Charlotte, North Carolina-based Bank of America NA is agent for unsecured lenders owed about $164 million. Fulton has no substantial secured debt. In addition to the suppliers, general unsecured claims amount to $1.2 million.
Fulton previously said it accumulated $65 million cash during the Chapter 11 case that began in January 2009. The company says it generated a cumulative profit of $8.5 million while in reorganization.
The case is In re Fulton Home Corp., 09-01298, U.S. Bankruptcy Court, District of Arizona (Phoenix).
Almatis Confirms Revised Plan After Settlement
Almatis BV, a producer of specialty alumina products, confirmed a Chapter 11 plan yesterday based on a settlement with Oaktree Capital Management LLC, a first-lien lender which had intended to take over ownership of Almatis despite opposition from lower ranking creditors. Instead of transferring ownership, the plan the judge approved yesterday gives Oaktree full payment with interest at the default rate. Other holders of the $676 million in first-lien debt receive the same treatment. For details on the plan, click here and here for the Aug. 27 and July 26 Bloomberg bankruptcy reports.
Rotterdam-based Almatis listed total debt of $1.3 billion, including $681 million on first-lien obligations, $77.7 million on second-lien debt, and $200.6 million on mezzanine debt. There is junior mezzanine debt of $80.6 million, plus trade debt of $20 million. Assets were listed for $1.53 billion.
The case is In re Almatis BV, 10-12308, U.S. Bankruptcy Court, Southern District New York (Manhattan).
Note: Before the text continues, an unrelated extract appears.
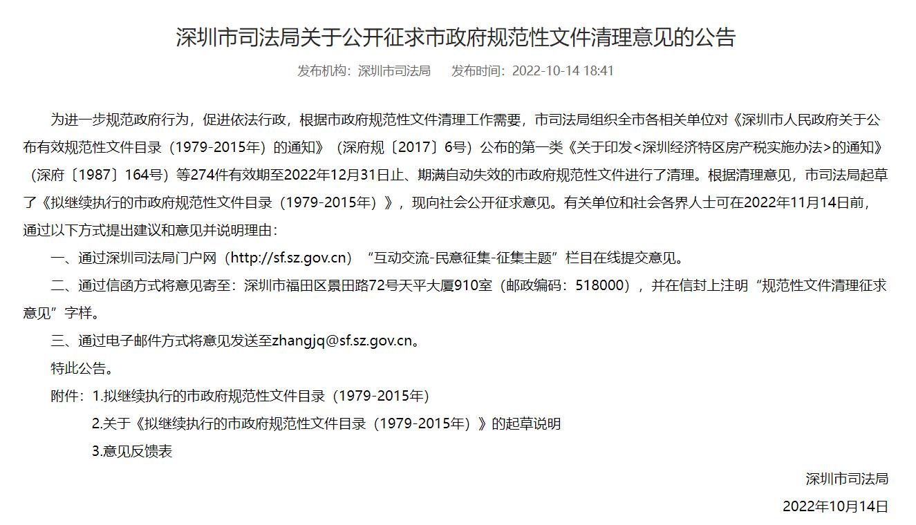 深圳擬清理274件市政府規(guī)范性文件 11月14日前可提交意見

Lifland Rails against Late-in-the-Case Claims Buying
Burton R. Lifland, the longest-serving bankruptcy judge in New York, gave a speech yesterday where he said that investors who buy claims during a bankruptcy reorganization can threaten to delay or derail an otherwise successful confirmation by necessitating lengthy and costly valuation trials.
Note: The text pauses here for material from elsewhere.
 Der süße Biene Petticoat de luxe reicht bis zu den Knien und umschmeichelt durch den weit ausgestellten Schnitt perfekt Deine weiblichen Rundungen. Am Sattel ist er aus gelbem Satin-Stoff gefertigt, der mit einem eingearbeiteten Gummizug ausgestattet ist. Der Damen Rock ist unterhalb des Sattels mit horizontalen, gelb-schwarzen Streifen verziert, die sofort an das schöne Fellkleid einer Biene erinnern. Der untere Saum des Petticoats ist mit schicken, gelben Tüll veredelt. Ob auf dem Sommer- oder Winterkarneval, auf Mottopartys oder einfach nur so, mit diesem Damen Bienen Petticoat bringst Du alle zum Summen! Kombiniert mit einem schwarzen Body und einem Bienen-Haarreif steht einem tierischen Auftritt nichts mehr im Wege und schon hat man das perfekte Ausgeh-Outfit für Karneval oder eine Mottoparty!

To read about Lifiand’s speech, click here for Bloomberg coverage.
Tribune, Vegas Monorail, Lehman Fees, Meruelo Maddux: Audio
The reorganization plan filed by two major creditors of Tribune Co., bondholders’ opposition to the plan by Las Vegas Monorail Co., professional fees for Lehman Brothers Holdings Inc. approaching $1 billion, and the withdrawal of a press release by Meruelo Maddux Properties Inc. are discussed in the new bankruptcy podcast on the Bloomberg terminal and Bloomberglaw.com. To listen, click here.
Debtor May Hire Professional with Claim, Judge Rules
A company reorganizing in Chapter 11 can retain a professional who holds a pre-bankruptcy unsecured claim for services, U.S. Bankruptcy Judge Michael Lynn ruled on Sept. 17 when he sided with a minority of courts that have considered the issue.
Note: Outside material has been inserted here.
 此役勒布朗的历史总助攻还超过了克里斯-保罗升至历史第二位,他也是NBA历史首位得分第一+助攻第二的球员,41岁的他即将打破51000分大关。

Lynn, from Fort Worth, Texas, interpreted two provisions in the Bankruptcy Code, Sections 327(a) and 1107(b). Section 1107(b) says that a bankrupt company is not barred from hiring a professional “solely because of such person’s employment by or representation of the debtor before the commencement of the case.”
Lynn said that the better reading of the two sections together is to permit employment so long as the pre-bankruptcy claim “arose from prior professional work for the debtor.” Lynn said it “eludes the court” why “a post-petition administrative priority claim should be found to create no conflict of interest while a prepetition general unsecured claim automatically disqualifies the creditor professional.”
The case involved a dairy farm that sought to retain the accountants the business had been using for years. There were few if any other accountants familiar with the dairy industry. The U.S. Trustee objected to retention approval because the accountants were owed $11,700 for work performed before bankruptcy. The U.S. Trustee wouldn’t have objected if the accountants had waived the claim.
The case is In re Talsma, 10-43790, U.S. Bankruptcy Court, Northern District Texas (Fort Worth).